There might have been a worthwhile movie in the mess that is “Project Almanac,” but any narrative coherence is lost due to it being presented as “found footage.” While this style is meant to add to the verisimilitude of the story, in fact it makes the film nearly unwatchable.
For the story to be told, the film needs the camera to be constantly on, at all times, even when it isn’t clear who is filming who, especially during the tender emotional scenes between starry-eyed teens.
The shakiness of the camera makes it hard to focus on the action and even harder to connect with the characters. This isn’t to say that the characters have much to connect to. They are a collection of clichés, a cavalcade of teenage angst and anxiety. The characters believe that having a girlfriend/boyfriend is very, very important and so is getting people to like you by giving them stuff. In addition, all actions are justifiable so long as no one you like gets hurt and you learn nothing in the process.

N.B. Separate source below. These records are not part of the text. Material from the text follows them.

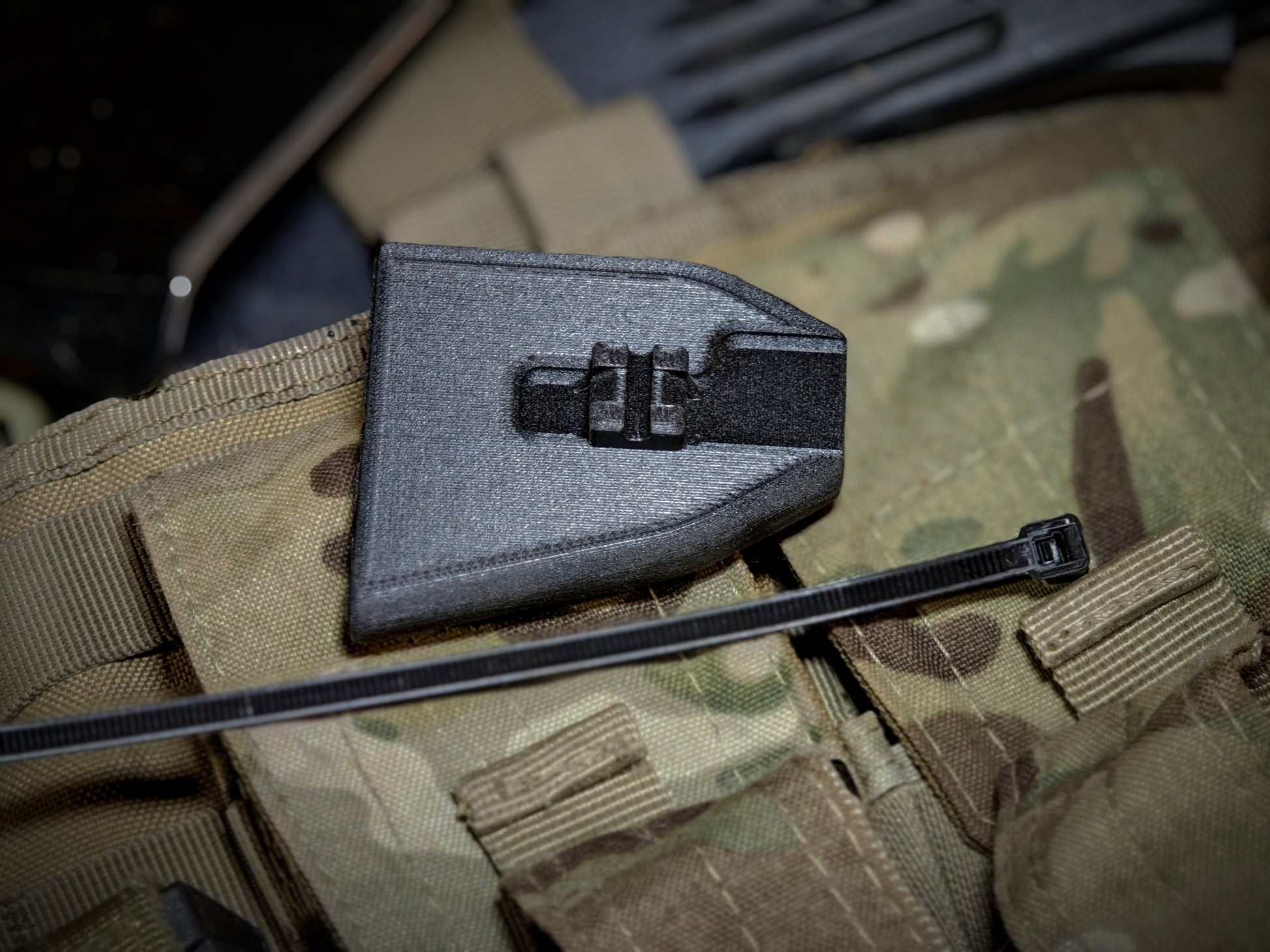 Imprimé en PETG renforcé à la fibre de carbone avec un haut taux de remplissage pour un maximum de solidité.
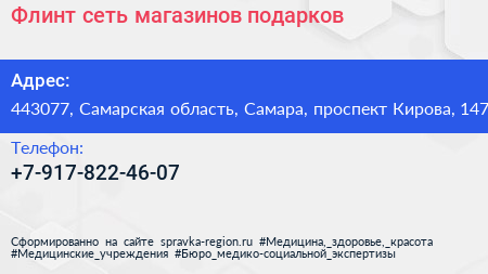 Флинт, сеть магазинов подарков по адресу 443077, Самарская область, Самара, проспект Кирова, 147 в дальнейшем Организация, размещена в следующих категориях:
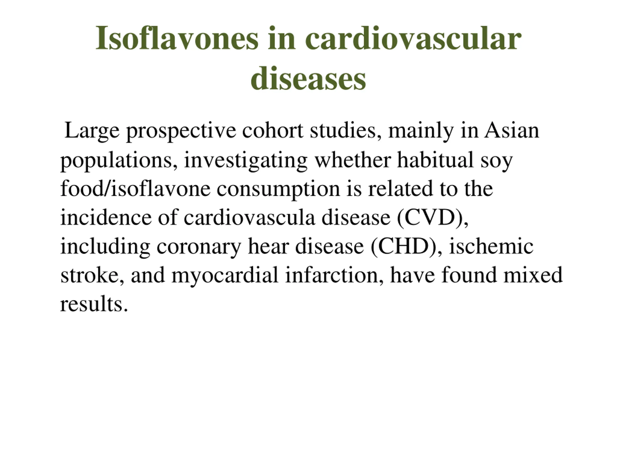 Isoflavones in cardiovascular diseases Large prospective cohort studies, mainly in Asian populations, investigating whether habitual soy food/isoflavone consumption is related to the incidence of cardiovascula disease (CVD), including coronary hear disease (CHD), ischemic stroke, and myocardial infarction, have found mixed results.
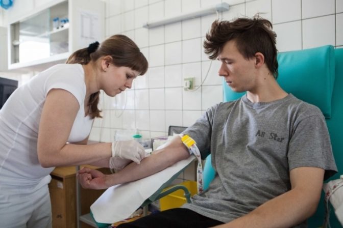 Dobrovoľník daruje krv na akcii, ktorú zorganizovala Národná transfúzna služba SR pre všetkých darcov krvi, a aj tých, ktorí ešte darcami krvi nie sú pri príležitosti Svetového dňa darcov krvi. Bratislava, 12. jún 2011. Foto: SITA/Jozef Jakubčo
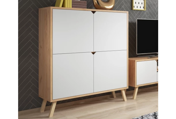Skrinka 4-dverová z nábytkového radu Tokio – nábytok v škandinávskom štýle má svoje čaro a je veľmi obľúbený. Masívne drevené nôžky a útulný drevodekor dub zlatý vytvára príjemný kontrast k bielym predným plochám. Nôžky z dreva dodávajú nábytku stabilitu a zároveň pôsobia zaujímavo.
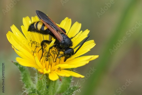 Closeup on a hairy black and yellow European Scoliid wasp, Scolia sexmaculata feeding on a yellow flower in Gard, France
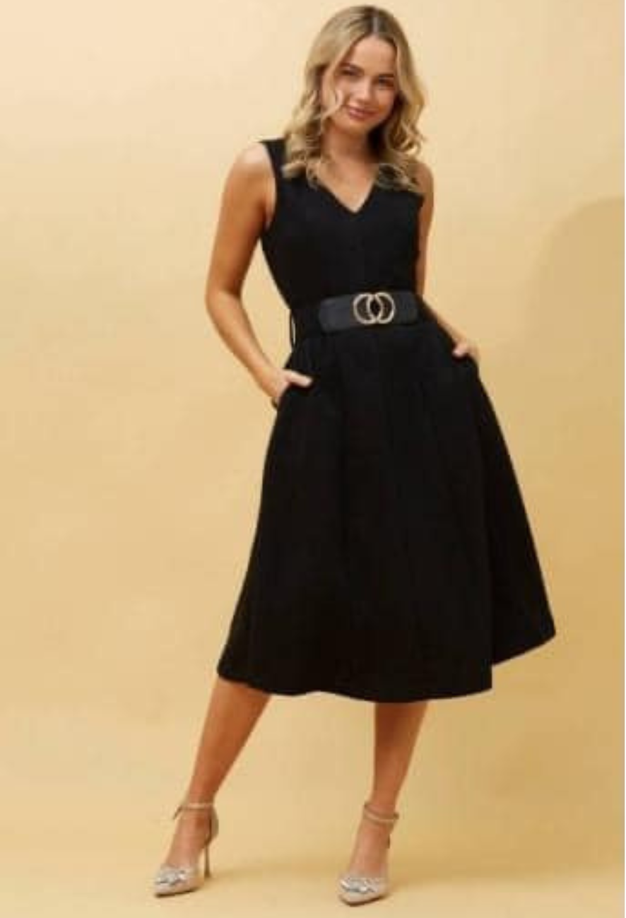 v neck, fully lined, zipper at back, removable elastic thick black belt with gold buckle , 2 side pockets

The time-travel theories presented in the film are less believable and coherent than anything found in “Bill and Ted’s Excellent Adventure”—it’s almost as if the filmmakers wrote the titles of every time-travel movie ever made on slips of paper, dropped them in a hat, drew them out at random, and combined them into the stupidest script they could imagine.
Of course, this film isn’t aimed at me. It’s aimed at teenagers who think “Looper” is a classic time-travel movie. To that end, the film is successful because the target audience is too busy awkwardly groping each other in the dark to pay attention to the plot.
For those of us who no longer count bases, “Project Almanac” is simply a waste of time and resources.